In this role, the candidate will be required to understand Deep learning workload characteristics and have the hands-on ability to measure, analyze and use the data to project and estimate the power and performance of the latest DL workloads.
Responsibilities
The ideal candidate will have both software and hardware background to do sensitivity analysis for both hardware knobs and understand how to measure and improve the performance of DL workloads.
The candidate should have worked on simulators and have experience with benchmarking DL models.
The ideal candidate should have at least 5+ years of experience working on performance analysis of DL workloads running workloads on accelerators and improving them.
Programming and debugging code written in python/C++/CUDA/HIP/OpenCL will be required as well as ability to model and work with the hardware teams to measure power and performance of key kernels running on RTL and performance simulators
Knowledge of performance and power modeling is a plus.

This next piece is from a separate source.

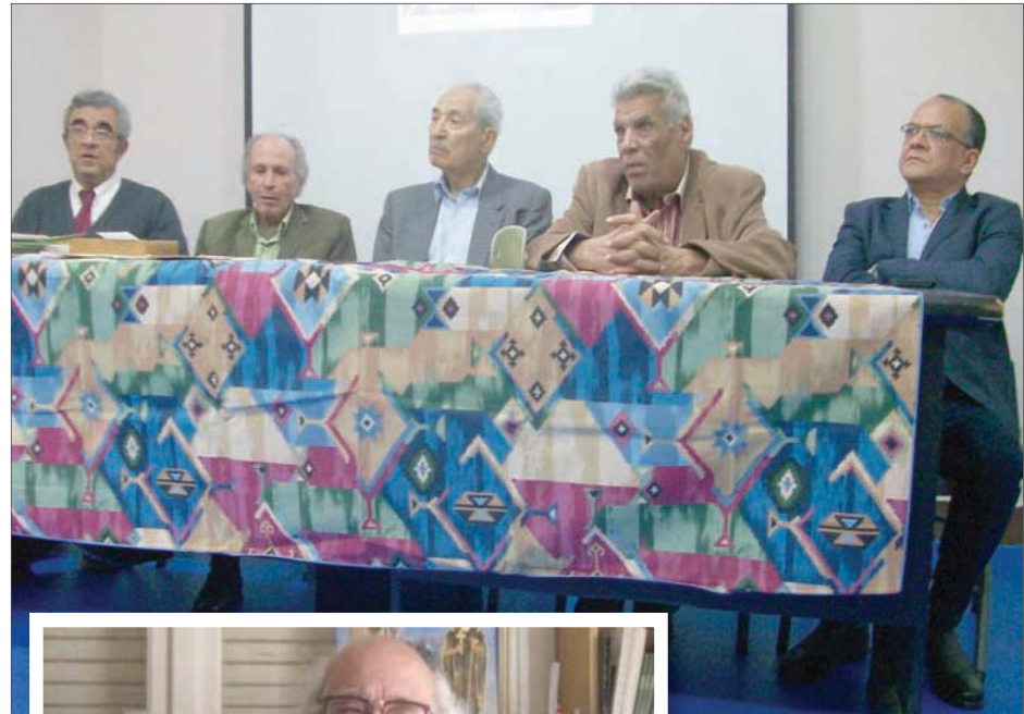
لقطة من الاحتفالية

التي كان يمثلها كامل، الذي أرى أنه كان أهم من نجيب محفوظ حينما بدأ معاً، والدليل على ذلك أن رواية عادل كامل التاريخية (ملك من شعاع) لا تزال أفضل من روايات محفوظ التاريخية الغثال المعروفة، وحين انتقل للرواية الواقعية، وكتب (مليم الأكبر) قدم عملاً يعتبر علامة إبداعية في تاريخ الأدب المصري، هذا إضافة لإسهاماته المهمة في القصة القصيرة والمسرح، وقد أشرت إلى ذلك في دراسة نشرتها قبل 58 عاماً».

Solid understanding of the fundamentals of computer architecture, memory hierarchy, caches and fabrics is a prerequisite for the role.
Requirements
Excellent skills in problem solving, written and verbal communication, excellent organization skills, and highly self-motivated.
Ability to work well in a team and be productive under aggressive schedules
Education and Experience
PhD, Master’s Degree in Computer Engineering / Computer science with 5+ years of experience working on DL models.
Coursework on computer architecture, parallel computing , compilers and digital design is required.
Location
(US) Santa Clara CA , Austin TX, PORtland OR FORt Collins CO